Dalla Vedova then recalled the impressive episode of the four hard disks fried, along with the many other strange things about this case. Like the witnesses. Like Kokomani, the witness known by the cops, who tried to fill in the lack of clues that Amanda and Raffaele could be together with Rudy, which coincidentally was just what the prosecution needed… “ This Kokomani was a criminal; how did he come out? Who brought him in?”

And Curatolo, “who came in court in a confused state. He didn’t even know if he was in jail, or what he had been convicted for. He’s not unreliable because he was a bum, he’s unreliable because he said impossible things. And Amanda should go to jail for 30 years because of a guy like this?!”

Dalla Vedova felt like Nencini was intimidating him when he asked proof of the wrong HIV tests, because if it was an accusation, Nencini then explained, he had to start a criminal proceeding. So, Carlo had to retract that “accusation,” leaving it only as one of the many strange mysteries about the case. But then he reminded the judge: “Amanda said she was slapped. That’s something for starting an investigation.” No answer.

Episodes like this make the defense still pessimistic on the outcome of the trial. But the private accusers look pessimistic too, and they lost the boldness of the pre-DNA review, when they were confident Meredith’s profile would have been confirmed. It’s as if they heard a rumor that, without confirmation on Meredith’s DNA, Nencini wouldn’t convict.

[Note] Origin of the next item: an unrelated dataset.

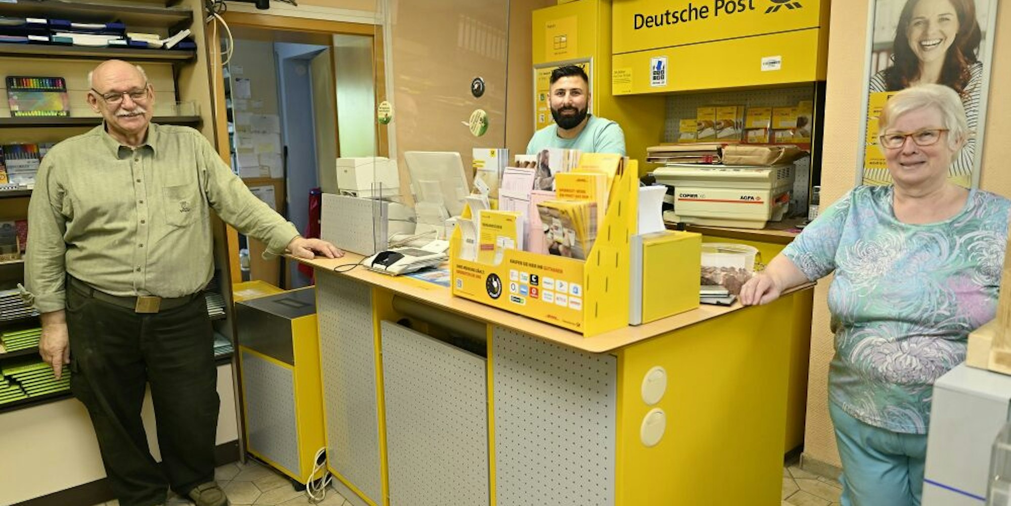 Gabriele und Hans-Jürgen Rodenbach (links) sind glücklich, dass sie mit Okan Üstün einen Nachfolger für ihren Schreibwarenladen und die Poststelle in Blecher gefunden haben.

As a matter of fact, how can he convict with this evidence? What should he write in the motivations, that they are guilty because of an unconfirmed DNA test? For some DNA that resisted in an unexisting scratch after an unproven washing? Or because Amanda and Raffaele didn’t receive phone calls that night? Or because of the turd in the toilet? Or because “Toto” Curatolo said so? Or because Raffaele went to Santo Domingo? Or because Conti and Vecchiotti are no good and the journalists are corrupted?

It would be the final death blow to Italian law. Would you like to be remembered for that?

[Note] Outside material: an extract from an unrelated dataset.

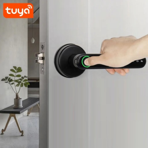 KLAMKA SZYFROWA ELEKTRONICZNY ZAMEK DO DRZWI KLAWIATURA NA KOD + ODCISK PALCA + PIN

Knox’s lawyers were perfect. They should have maybe taken one day each, to at least tie with the amount of time the crowd of accusers took. And to explain things more in detail. These judges weren’t on the case since day one. If you tell them, for instance, if you yell, as Ghirga did, “The Scientifica arrived in the evening!” — I doubt they understand the importance of this sentence and what it means (it means: “You can’t validate Curatolo –as the Cassation told you to do– because he said he saw the scientific police the next morning, yet the scientific police arrived in the evening, and anyway they weren’t in the piazza, but in the cottage).”

Or: Maresca recalled that Stefanoni wasn’t consultant for the prosecution (meaning that her work was reliable). Maybe it was the case to remember that true, she wasn’t. But her direct supervisor Biondo was.

If you are reliable only when you are independent, as Maresca suggests, it means that Conti and Vecchiotti are super reliable, since they were court appointed.

And the scientific pillar of the accusers, prof. Novelli, is not, since he is consultant for the prosecution…

Little details, just to be precise. Little things to be maybe fixed in the replays.